NEW YORK (GenomeWeb News) – The microbial communities associated with the vagina vary from one woman to the next and between women from different ethnic backgrounds, according to a microbiome study appearing online this week in the Proceedings of the National Academy of Sciences.
Using 16S rRNA pyrosequencing and other approaches, researchers from the Universities of Maryland and Idaho, Emory University, and Proctor and Gamble assessed microbe communities and pH levels in vaginal samples from nearly 400 healthy North American women, identifying differences in both microbial community profiles and salinity within and between women from the four ethnic groups tested.
In the process, the team also pinned down five characteristic vaginal microbial community types — some containing microbes best known for their role in disease.
"Even microbes that were previously believed to be detrimental to a woman's health seem to be part of a normal ecosystem in some women, according to this study," lead author Jacques Ravel, a microbiology and immunology researcher with the University of Maryland's Institute for Genome Sciences, said in a statement.
Past research suggests Lactobacillus bacteria and other lactic acid-producing bugs may help protect against bacterial and yeast infections, sexually transmitted infections, and other vaginal ailments by keeping the vaginal environment slightly acidic, Ravel and his co-workers explained.
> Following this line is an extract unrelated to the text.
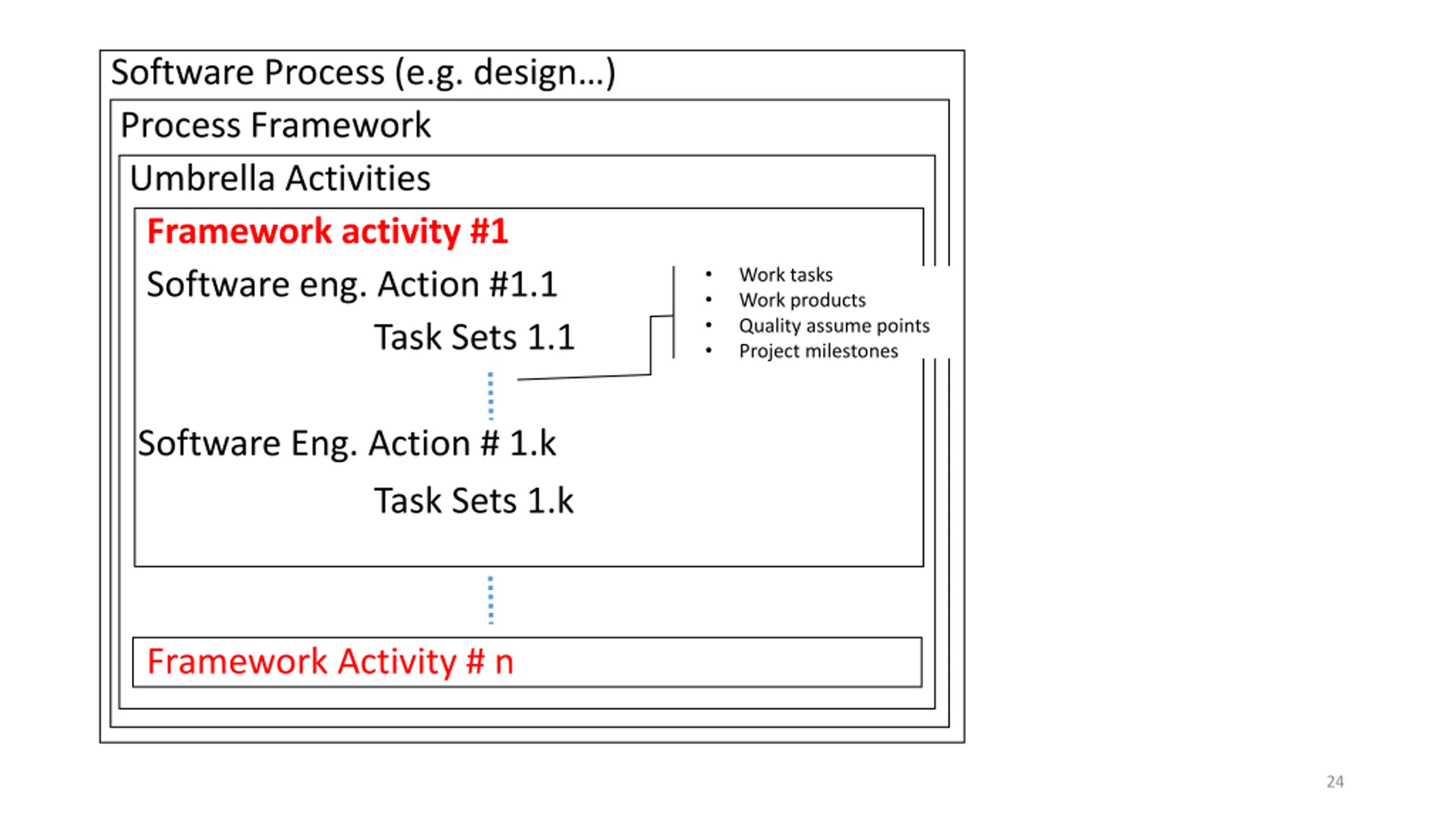Software Process (e.g. design) Process Framework Umbrella Activities Framework activity #1 Software eng. Action #1.1 Task Sets 1.1 Work tasks Work products Quality assume points Project milestones Software Eng. Action # 1.k Task Sets 1.k Framework Activity # n 24

Nevertheless, they added, relatively few studies have been done using methods that allow the characterization of both cultureable and uncultureable microbes across large numbers of women.
To explore the "microbial ecosystem" of the vagina in more detail, the researchers recruited 396 North American women between the ages of 12 and 45 years old at clinics in Baltimore and Atlanta. Participants were of Caucasian, African-American, Hispanic, or Asian descent, with equal numbers of individuals from each ethnic group.
Using the Roche 454 FLX platform, the team sequenced the V1-V2 hyper-variable 16S rRNA regions from genomic DNA isolated from self-collected vaginal swabs. As part of the study, a clinical nurse measured vaginal pH for each individual. Vaginal samples were also tested for bacterial vaginosis.
When the researchers began sorting through the sequences found in the vaginal samples, they identified 282 taxa in the women sampled.
Rather than finding a single core vaginal microbiome, the researchers explained, they identified five main community groups — four containing an over-representation of the Lactobacillus species L. iners, L. crispatus, L. gasseri, and L. jensenii, and a fifth group with far fewer lactic acid bacteria and more strictly anaerobic microbes such as bacteria in the Aerococcus, Finegoldia, and Prevotella genera.
But the relative abundance of each community and vaginal pH both differed significantly among the women tested, apparently correlating in part with ethnicity. For instance, almost 90 percent of Caucasian women and about 80 percent of Asian women carried Lactobacillus-dominated communities, compared with about 60 percent of Hispanic women and 62 percent of African-American women.
Consistent with these patterns, Hispanic and African-American women tended to have decreased vaginal acidity compared to Asian and Caucasian women, based on median pH measurements.
"Further research is needed to establish the function of these microbes and the communities in which they appear," Ravel said. "Some of the seemingly beneficial microbial communities seem to be associated with a higher pH — a measure of acidity — which is usually considered to be unhealthy."
Given their findings so far, the researchers argue that it might be time to re-think what constitutes a normal healthy vaginal microbiome. And, they say, disease risk and diagnoses may need to be tailored to account for individual microbiome differences as well as ethnicity-related differences.
"We've found we can actually group women by the type of microbes they have in the vagina," Ravel said in a statement. "We may not need to personalize reproductive medicine down to the individual woman, but by which microbial group they belong to."
Moreover, he added, it may eventually be possible to harness vaginal microbial information to identify individuals at increased risk of infections such as bacterial vaginosis or for guiding some treatments.